Народ на войне - страница 10
Брата убили, а я не знал. Дошел до части, спрашиваю, – убили… Я пошел искать, сказывают – в братской. Я крест сделал, стихи сочинил:
Сидели, есть хотца. Выбрался без спросу. Округа пустая, жителей повыселили, одни собаки воют. Ни крохи. Вошел я в халупу, на печи стонет. Я поглядел – баба лежит, вся в крови, чуть жива, и младенчик с ей. Только что родила, как мы-то вошли, и четвертые сутки без хлебу, с водою гнилою. Померла, а младенчика жидовка взяла…
Вьюга как у нас на деревне – зги не видать, бьет и рвет. А тут слышно, не все ветер, ревет тяжелая[20], влетит за ветром смертью, свернет-скорежит все вокруг, с тряпьем, с дубьем в землю вобьет, вкрутит, глубже речного дна. И опять ветер, и тяжелое ревет.
Ночью топот, под палатку чей-то конек прибился, пофыркивает. Мы его за холку да в узду. Мадьяром крестили. И такой хороший Мадьяр был, сразу по-русски выучился…
Я за халупкой маленькой на лежанке прилег и заснуть норовлю, – нету сна с устали. Слышу, под лежняком говор тихий, словно бабы шепчутся, а встать невмоготу. Только чую неладное, нагнулся в отдушину глядеть, голос ясный, а слов не пойму, видать – ничего не видно. Тут пошли стрелять по нас, деть себя просто некуда. Ушли за село, а как вернулись, гляжу, нет той халупки, заместо нее яма в земле глыбокая, а в яме ихний с телефоном, весь развороченный…
Ощиплю курицу, кишки прочь и в горшок. Туда все, что есть, положу: и перец, и лист лавровый, и картошки, и макаронов, и консервов – что есть. И в печь. Как в кашу спаяется, тут и ешь с хлебом.
А тут сразу нас под ихние пулеметы угораздило. Совсем не похоже, как я-то боялся… Страху нет, отчаянности столько, просто до греха… Как вышел, так бы сквозь землю провалился… И туды голову, и сюды голову, хоть в… засунь голову, а не уйти… Как лежишь до атаки, так все думаешь, как бы убегти… А вышел – орать до того нужно, кишки сорвешь… Ну уж тут пусть немец не подвертывается… Семь смертей ему наделаю, а взять не позволю… Вот тебе и убег… Все другое…
Смотрю – изба, оттуда шум. Земляки австрийцев палить пристроились, а те, злыдни нечистые, бабу горемычную да ребяток ейных двое в окно кажут. Не стерпело сердце, подскочил, бабу с младенчиком в окно выдрал, за другим стал рукою шарить, а они мне за шкуру и залили разрывную… Уж без меня сожгли-то их, обеспамятел. Жалко до смерти…
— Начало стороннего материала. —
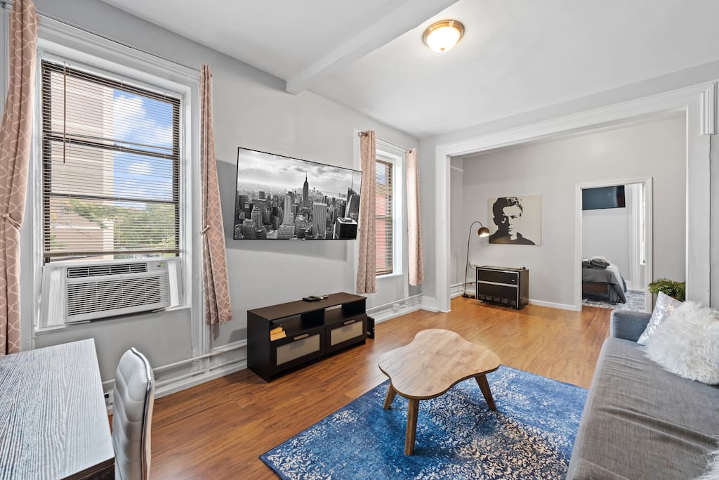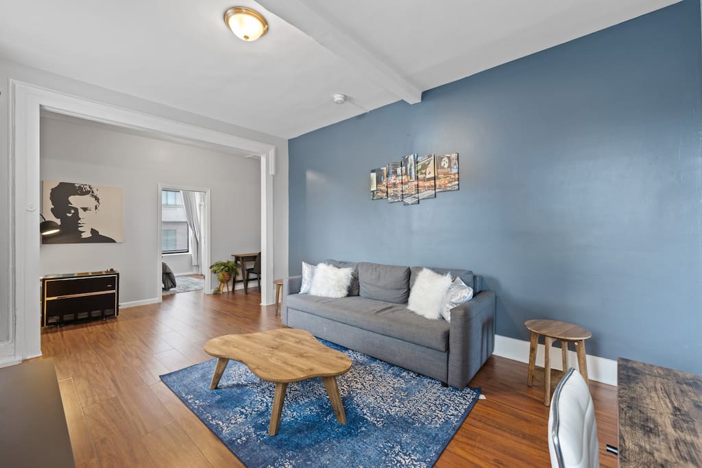 Welcome to our charming 1 bedroom apartment in the heart of Hoboken, NJ! ☞ 1 Private Bedroom: Comfortable queen size bed for a restful night's sleep. ☞ 1 Bathroom: Clean and bright bathroom for your convenience. ☞ 2 Total Beds in the Unit ☞ Living Room: Relax on the sofa bed while watching your favorite shows on the new 55" TV. ☞ Kitchen: Fully equipped kitchen for all your cooking needs.Welcome to our charming 1 bedroom in the heart of Hoboken!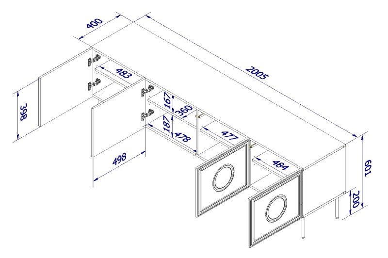 PALAZZO szafka RTV 200 (4D) czarny mat/ dąb craft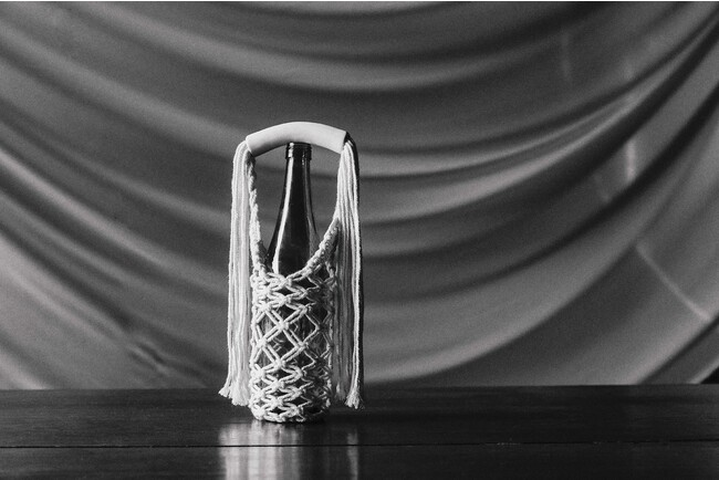 丹念に編み込まれたマクラメが表現するボトルホルダーと壁掛け用のフラワーベース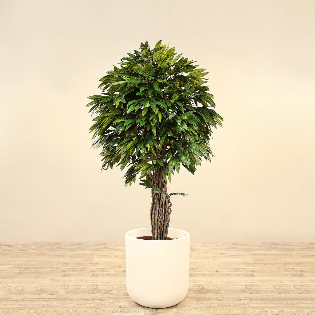 Enjoy this stunning artificial Mango Tree in your home. Mango Trees have a rich history and are symbols of enlightenment and wealth among other things. Freshen up your space with our beautiful faux Mango Tree designed to look and feel just like the real thing. This tall tree arrives fully assembled – simply arrange the branches, place it in a pot of your choosing, and decorate your room.
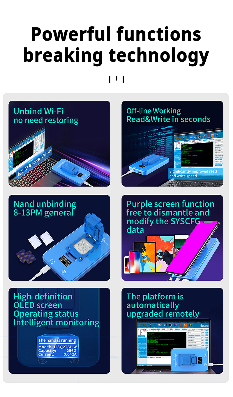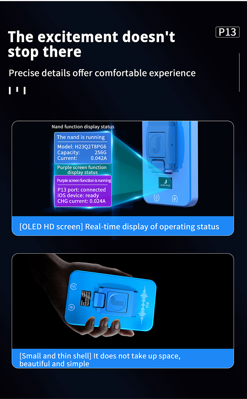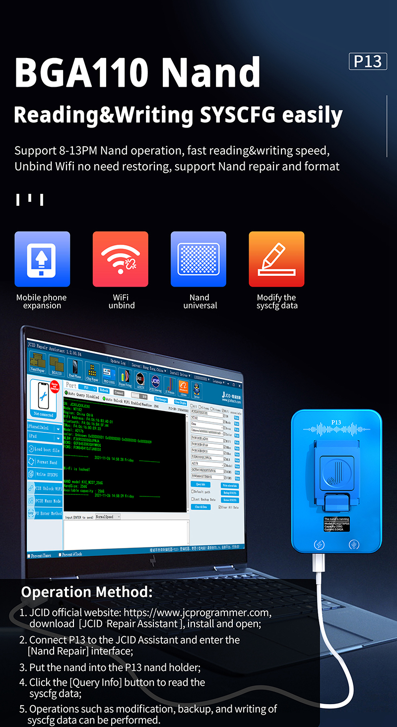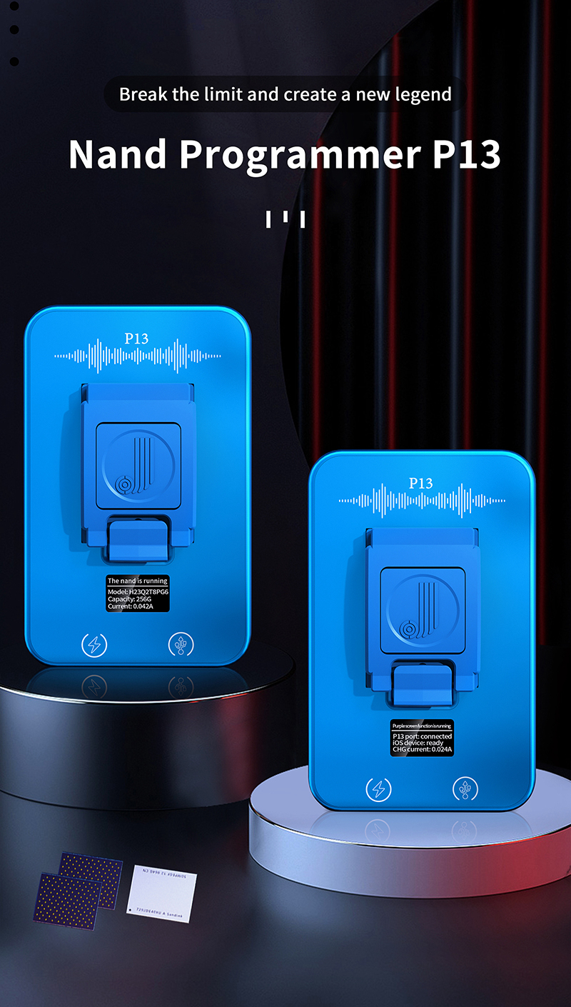 P13 is a nand programmer, mainly for detecting, repairing, reading & writing nand, and formatting. It is suitable for iOS device expansion, nand repair, unbinding WiFi, modify the syscfg and other operations.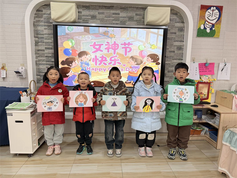 大班幼儿以创意表达为核心,用画笔与巧思致敬心中最美的女神。在“我心中的最美女神”主题绘画中,孩子们拿起五彩画笔,勾勒出女神们温柔的模样,描绘出日常陪伴的温馨场景,用画面定格心中最美的瞬间。在“女神专属奖状”创意设计活动中,孩子们自主绘制图案、祝福,为长辈送上专属仪式感,一笔一画、一字一句,都饱含着浓浓的敬意与爱意。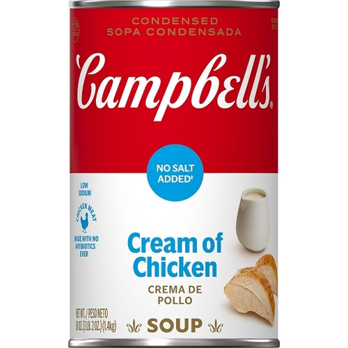 The epitome of comfort food, Campbell s 50 oz. can of cream of chicken condensed soup boasts a rich broth base made with real cream and rich chicken stock. It s speckled with soft pieces of savory chicken for hearty taste and features a smooth consistency. Its familiar flavor will be a popular addition to the menu of your school, health care facility, restaurant, hotel, or diner!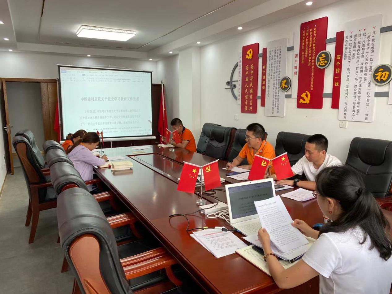 8月5日晚,按照中國建筑材料科學研究總院有限公司黨委相關要求,公司黨支部書記陳梅組織公司全體黨員開展黨史學習教育,認真學習中央、國資委及集團公司相關會議精神。

А слышим, стонут, просятся чего-то, Грязовецкие, спрашивают. Мы говорить-то не можем, не велено, и ничего понять не можем. А лес кругом, не видно… Тут месяц повыкатился, ан это калеки-раненые, кругом ползут и пособить просят… На коня не возьмешь…
А на войну шофером взяли. До машины сызмальства был доходчив, а в Бельгии до автомобилей во как навострился… Как подвез своего до немца, а сбоку кавалеры в касках, да на них, да рубить…А Григорий, ей-богу, не вру, который раненый, втащил рукою за ворот, да под ноги себе шварк, да топтать, да топтать, пока не подох… А подох, уж как к себе вернулся со своим-то. Я его, сустревши, спрашиваю, как рассказал, что ж ты – демократ, а сукин сын выходишь, а не демократ… Разве ж тебе то в Бельгии говорили, что немец не человек, что ты его хуже крысы замучил? Так драться полез со стыда…
Взял я штык, осмотрелся, вырыл ямку штыком и запрятал. На другой день доставать стал – нету. Фу-ты, чего такое: у вора вор дубину упер. Вынул кто-то… Слава тебе господи, греха за мной нету, ни грошика не прожил.